= Assignment =
Leaving out the pictures, return word for word the stretch of entries below from the line holding "Chaque broderie est" through the line holding "Después ponemos la".

= Available records =
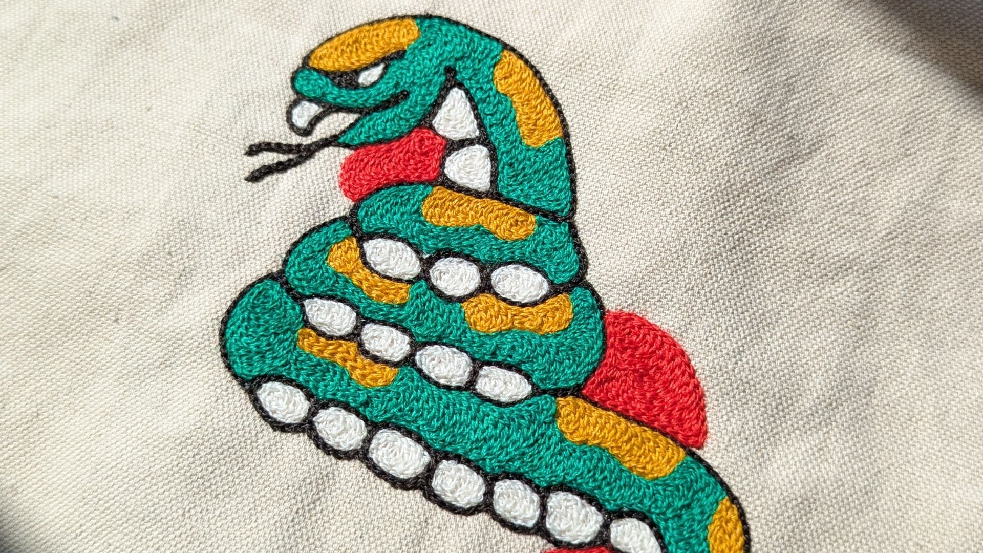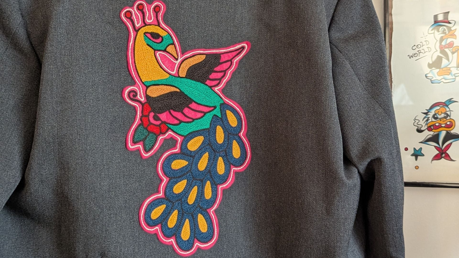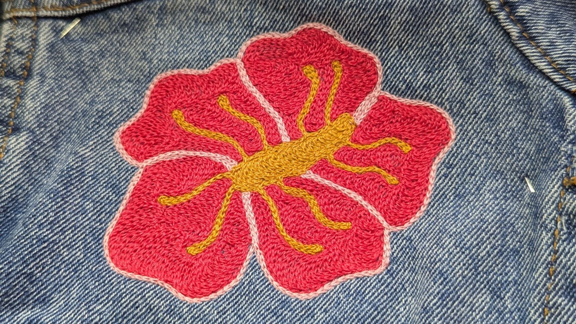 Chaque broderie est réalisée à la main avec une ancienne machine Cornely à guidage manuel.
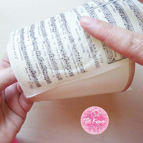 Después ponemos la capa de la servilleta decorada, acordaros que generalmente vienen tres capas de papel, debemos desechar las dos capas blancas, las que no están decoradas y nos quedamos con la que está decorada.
==
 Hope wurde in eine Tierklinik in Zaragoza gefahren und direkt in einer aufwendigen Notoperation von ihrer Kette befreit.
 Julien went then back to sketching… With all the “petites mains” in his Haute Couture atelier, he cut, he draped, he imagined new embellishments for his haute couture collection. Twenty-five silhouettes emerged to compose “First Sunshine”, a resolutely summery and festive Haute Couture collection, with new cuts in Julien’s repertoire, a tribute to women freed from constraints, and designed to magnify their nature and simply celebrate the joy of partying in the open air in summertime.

= Response to this exercise =
 Chaque broderie est réalisée à la main avec une ancienne machine Cornely à guidage manuel.
 Después ponemos la capa de la servilleta decorada, acordaros que generalmente vienen tres capas de papel, debemos desechar las dos capas blancas, las que no están decoradas y nos quedamos con la que está decorada.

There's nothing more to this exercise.